Torino scende in piazza, ma non per il lavoroA distanza di due settimane Torino ha mostrato due volti molto diversi di sé. Il
31 gennaio decine di migliaia di persone hanno attraversato la città contro lo
sgombero del centro sociale Askatasuna. Il 14 febbraio circa mille lavoratrici e
lavoratori metalmeccanici hanno manifestato per il futuro industriale del
territorio e contro la crisi dell’automotive.
La sproporzione ha colpito molti osservatori. Com’è possibile che la difesa di
uno spazio sociale mobiliti più della difesa del lavoro? La risposta più
immediata — disinteresse, superficialità, radicalismo — è anche la meno utile.
Non aiuta a capire Torino. E soprattutto non aiuta a capire l’Italia di oggi.
Infatti, non è diminuita la capacità di mobilitazione, è cambiato ciò che
mobilita. Per oltre un secolo il lavoro industriale è stato la struttura stessa
della vita collettiva. La fabbrica non era soltanto produzione: era mobilità
sociale, organizzazione del tempo, identità urbana. Scioperare significava
difendere non solo il salario ma il futuro. Oggi quella promessa non esiste più.

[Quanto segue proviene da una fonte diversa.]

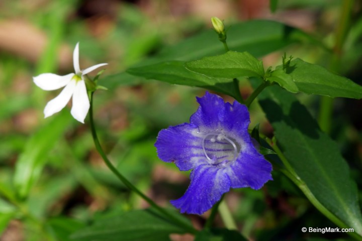 Somewhere else, flowers growing in the dark of the forest in a creek bed that the rains have cut in the hilly ground. Time to go …

La deindustrializzazione non è solo un processo economico: è diventata un fatto
interiorizzato. L’automotive appare un settore in ritirata globale, deciso da
catene produttive e centri finanziari lontani dalla città. Anche chi ne
subirebbe le conseguenze fatica a immaginare che una manifestazione possa
davvero modificarne il destino. Il lavoro resta un valore, ma non è più
percepito come terreno politico contendibile. Lo spazio urbano sì. La
mobilitazione per Askatasuna ha avuto una forza simbolica immediata: non parlava
di scenari economici complessi, ma di presenza dello Stato, libertà di dissenso,
possibilità di esistere nella città. Era un conflitto leggibile senza mediazioni
tecniche. Non riguardava una categoria, ma un “noi” potenziale, anche per chi
non frequenta quel luogo. È una differenza decisiva: il lavoro oggi non unisce
perché segmentato — tra occupati, precari, studenti, professionisti — mentre il
conflitto simbolico unisce perché riguarda il riconoscimento. Il primo chiede
previsione del futuro, il secondo reazione nel presente.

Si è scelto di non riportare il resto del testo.